- tl;dr sec
- Posts
- [tl;dr sec] #192 - Google's AI Red Teaming, OWASP on Cloud Security, Trail of Bits' Testing Guide
[tl;dr sec] #192 - Google's AI Red Teaming, OWASP on Cloud Security, Trail of Bits' Testing Guide
Google's whitepaper on how they approach AI red teaming, OWASP's cloud architecture security cheatsheet, ToB on static/dynamic analysis tooling
Hey there,
I hope you’ve been doing well!
🤦♀️ Deck Pics
Narrator: This week, on #PeakBayArea.
A friend of mine recently told me that she had to change her job on dating apps from “VC” to “finance.”
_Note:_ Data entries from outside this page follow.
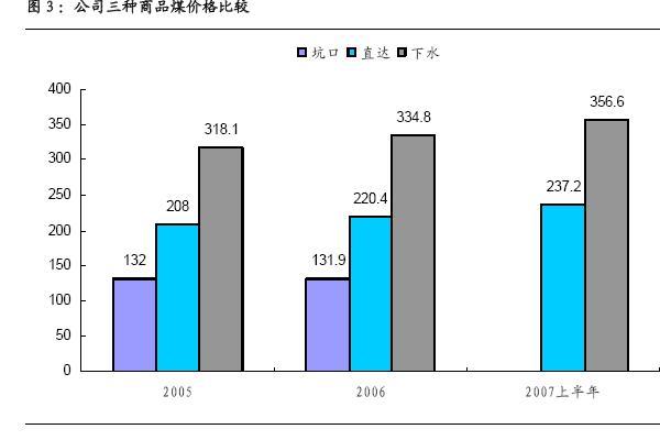 從上表我們可以分析得出以下結(jié)論:1、在長約合同中坑口煤的比重在不斷下降,07 年上半年坑口煤基本沒有長期合約,只有現(xiàn)貨市場銷售。2、下水煤與直達煤都在增長,下水煤的增長速度快于直達煤,下水煤在總煤炭銷售中的比重不斷提高。3、相對與現(xiàn)貨市場表現(xiàn),長約合同煤有較大的提價空間。
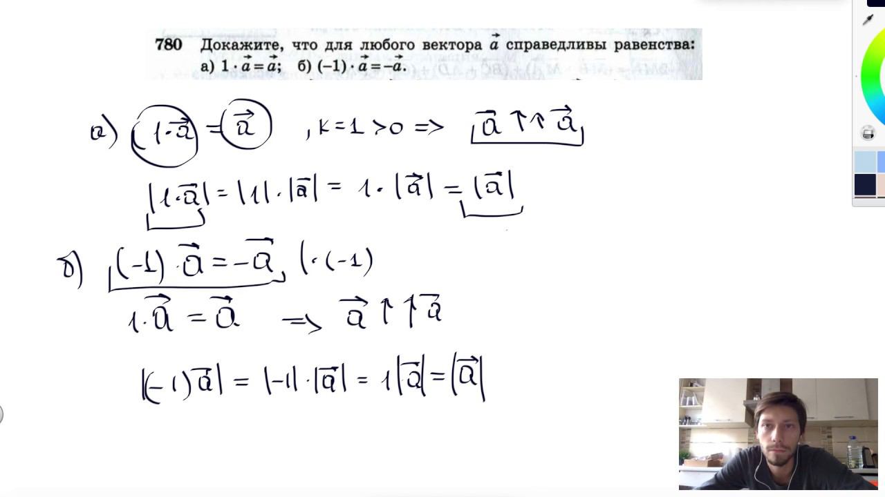 №780. Докажите, что для любого вектора а справедливы равенства: а) 1 • а = а ; б) (-1) • а = —а.
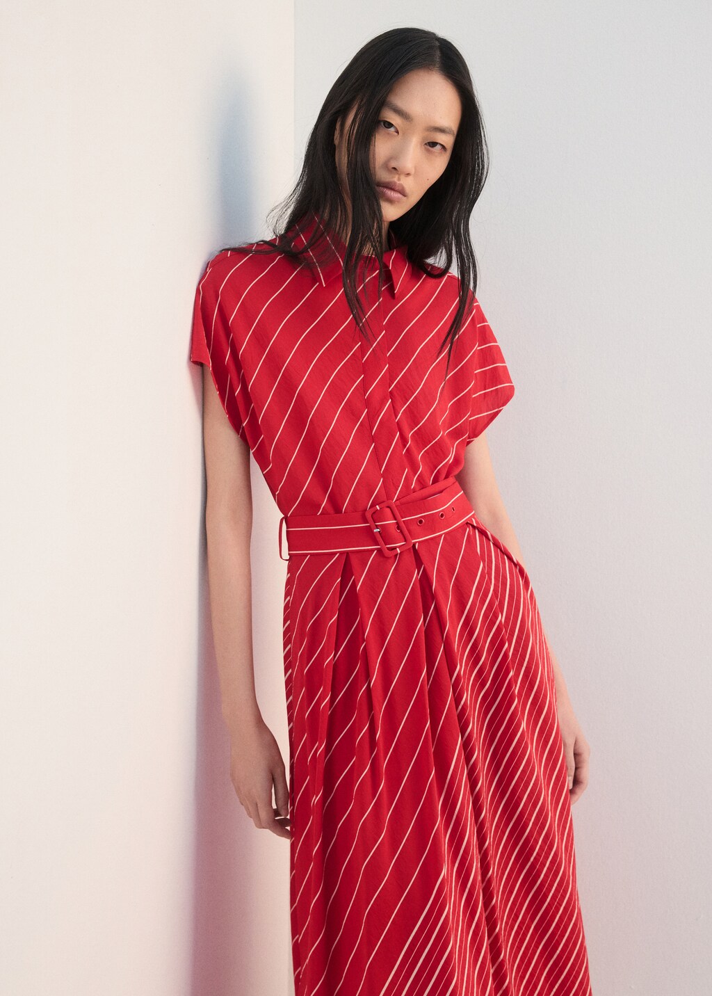 Diseño largo. Diseño recto. Estampado Rayas. Cuello camisero. Manga corta. Cinturón con cierre de hebilla. Cierre delantero con botones.
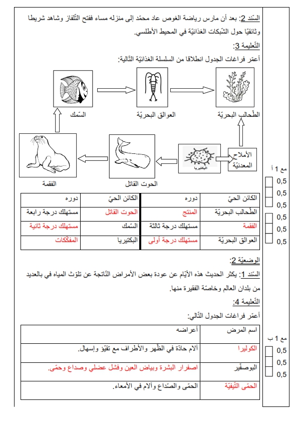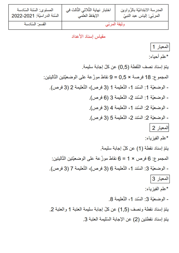 اختبار نهائي الثلاثي الثّالث في مادّة الإيقاظ العلمي السنة السادسة

Why? Because she kept matching with guys who’d say, “Hey… so… can I show you my pitch deck?”
She’d respond, “Sure, but you have to choose whether this is going to a romantic or business dynamic, it can only be one.”
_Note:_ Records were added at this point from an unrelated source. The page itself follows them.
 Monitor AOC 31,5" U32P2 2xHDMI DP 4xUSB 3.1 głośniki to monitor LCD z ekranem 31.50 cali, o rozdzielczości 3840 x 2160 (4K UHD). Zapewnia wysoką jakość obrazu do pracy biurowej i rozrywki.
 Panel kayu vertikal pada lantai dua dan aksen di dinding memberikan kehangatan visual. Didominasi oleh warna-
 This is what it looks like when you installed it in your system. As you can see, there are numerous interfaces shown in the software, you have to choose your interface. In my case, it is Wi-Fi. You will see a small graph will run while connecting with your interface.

And then a number of times she did actually end up having an impromptu pitch meeting 🤣 Who says romance is dead.
I feel like this is romcom waiting to happen. *Closes eyes, engages screenwriting mode*
If you have any funny #PeakBayArea or dating stories you’d like to share, feel free to send them to me.
🔥 tl;dr sec t-shirts
I’m thrilled to announce that for the first time ever I’m printing tl;dr sec t-shirts and bringing 300 to Vegas.
Next week I’ll share more about where you can find me / get one.
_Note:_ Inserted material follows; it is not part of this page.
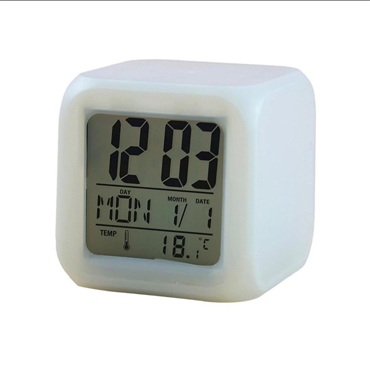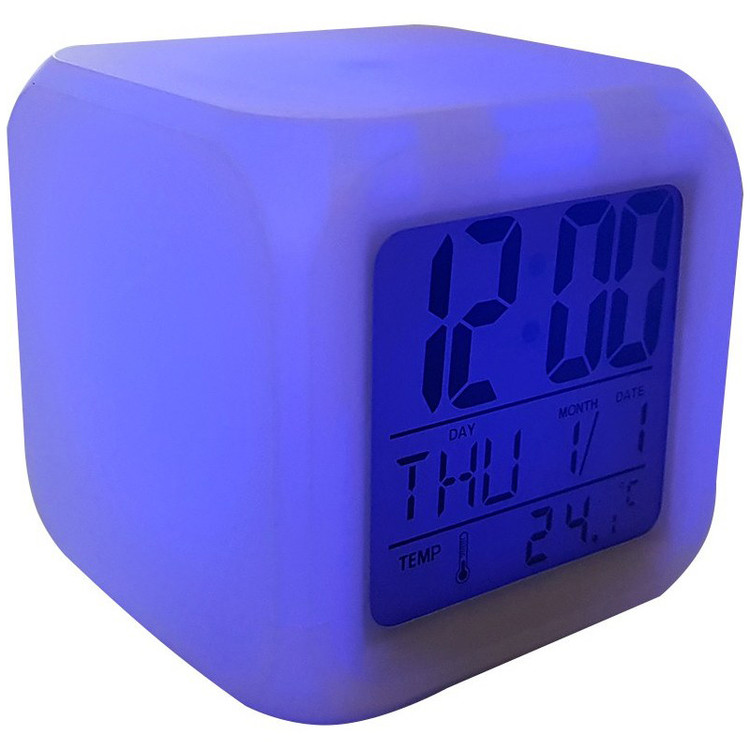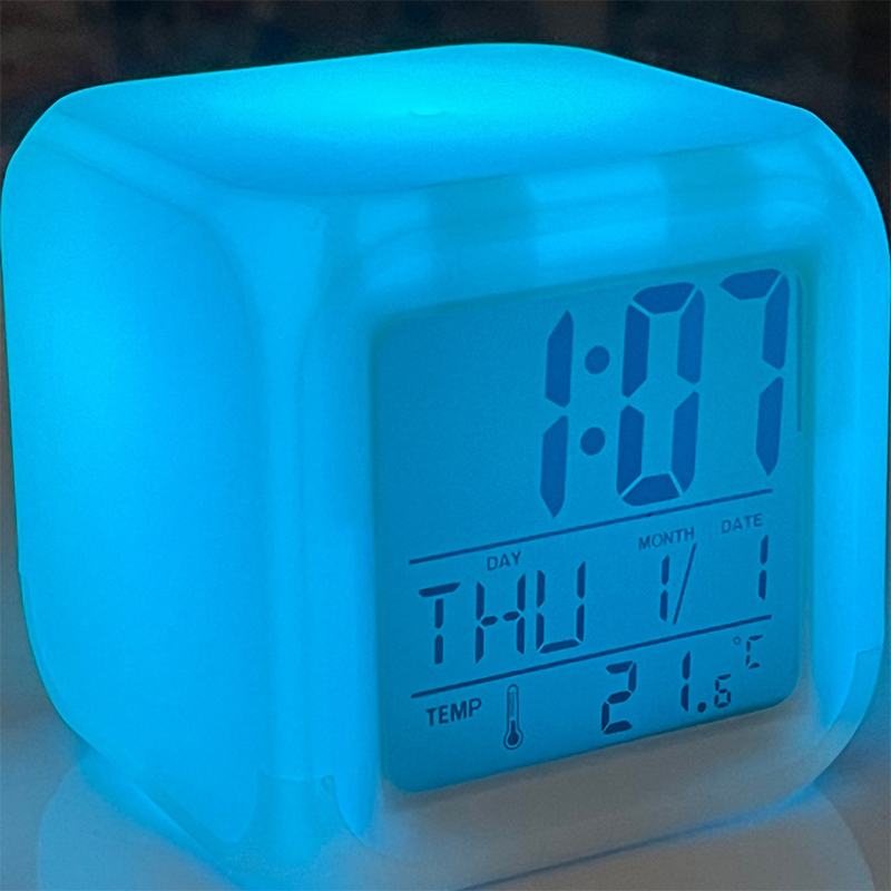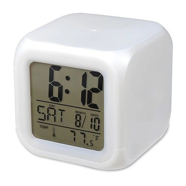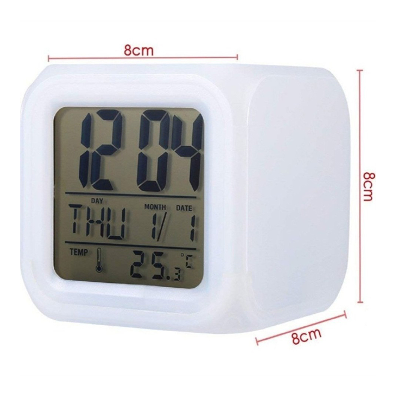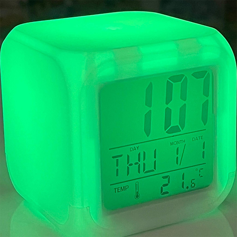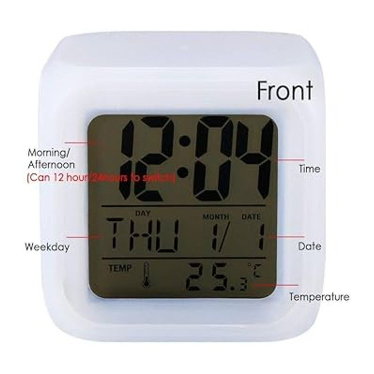 این ساعت با عنوان Color Change Digital Alarm Clock معرفی شده و مجهز به glowing LED است؛ یعنی چراغهای LED داخلی میتوانند در هنگام فعال شدن، کل بدنه مکعب را روشن کنند. بدنه سفید ساعت باعث میشود روشنایی LED ها در زمان فعال شدن، جلوهای یکدست و زیبا ایجاد کند. طبق توضیحات، هنگام فشردن مکعب به سمت پایین، چراغهای داخلی روشن شده و بهصورت هفترنگ تغییر رنگ میدهند و پس از چند ثانیه خاموش میشوند. این عملکرد باعث میشود مکعب مانند یک چراغ تزئینی کوچک بدرخشد.

If you’re not attending Hacker Summer Camp this year, don’t worry, I’ll give them out another time too.
Art by @snailpea
Sponsor
📣 Wiz for CSPM: A Modern Approach to Security in the Cloud
Security risks grow exponentially as your cloud footprint increases. That’s why picking the right Cloud Security Posture Management (CSPM) solution is critical to building your security strategy. In this free resource, Wiz breaks down market trends to help you understand how to find the right solution for your org.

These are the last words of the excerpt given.